And finally the code to convert the weights :

import os
import argparse

from pathlib import Path

from keras.layers import Input, Convolution2D, MaxPooling2D, UpSampling2D
from keras.models import Model
from keras.models import load_model

import torch
import torch.nn as nn
import torch.nn.functional as F

from torchsummary import summary

class Musica:

    def decompose_path(self, path):
        return Path(path).parent, Path(path).stem, Path(path).suffix

    def convert_keras_weights(self, weights_path):
        autoencoder = self.get_keras_autoencoder()
        autoencoder.load_weights(weights_path)
        directory, filename, extension = self.decompose_path(weights_path)
        autoencoder.save(os.path.join(directory, filename + '_model_included' + extension))

    def convert_keras_to_torch(self, full_model_path, print_models: bool = False, print_weights: bool = False):
        
        keras_model = load_model(full_model_path)
        if print_models:
            print(keras_model.summary())
        
        weights = keras_model.get_weights()

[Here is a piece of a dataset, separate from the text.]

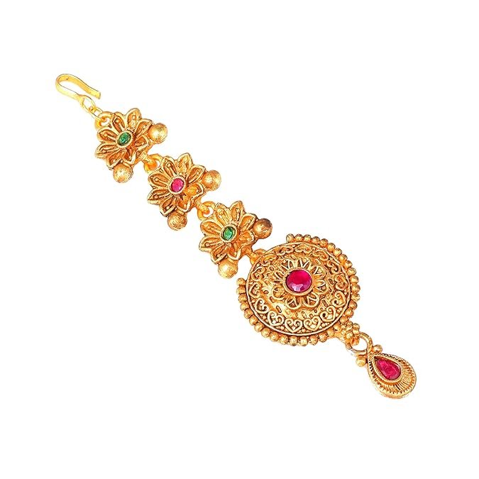 Enhance your ethnic ensemble with this Gold-Plated Traditional Maang Tikka, featuring a floral designer motif embellished with vibrant green and ruby crystals. Finished in an elegant matte texture, this timeless accessory is perfect for weddings, festivals, and special occasions.

        torch_model = SAEModel()
        if print_models:
            summary(torch_model.cuda(), (1, 256, 256))

        if print_weights:
            print(f'Keras Weight {weights[0].shape} and Pytorch Weight {torch_model.conv1.weight.shape}')
            print(f'Keras Weight {weights[1].shape} and Pytorch Weight {torch_model.conv1.bias.shape}')
            print(f'Keras Weight {weights[2].shape} and Pytorch Weight {torch_model.conv2.weight.shape}')
            print(f'Keras Weight {weights[3].shape} and Pytorch Weight {torch_model.conv2.bias.shape}')
            print(f'Keras Weight {weights[4].shape} and Pytorch Weight {torch_model.conv3.weight.shape}')
            print(f'Keras Weight {weights[5].shape} and Pytorch Weight {torch_model.conv3.bias.shape}')
            print(f'Keras Weight {weights[6].shape} and Pytorch Weight {torch_model.conv4.weight.shape}')
            print(f'Keras Weight {weights[7].shape} and Pytorch Weight {torch_model.conv4.bias.shape}')
            print(f'Keras Weight {weights[8].shape} and Pytorch Weight {torch_model.conv5.weight.shape}')
            print(f'Keras Weight {weights[9].shape} and Pytorch Weight {torch_model.conv5.bias.shape}')
            print(f'Keras Weight {weights[10].shape} and Pytorch Weight {torch_model.conv6.weight.shape}')
            print(f'Keras Weight {weights[11].shape} and Pytorch Weight {torch_model.conv6.bias.shape}')
            print(f'Keras Weight {weights[12].shape} and Pytorch Weight {torch_model.decod.weight.shape}')
            print(f'Keras Weight {weights[13].shape} and Pytorch Weight {torch_model.decod.bias.shape}')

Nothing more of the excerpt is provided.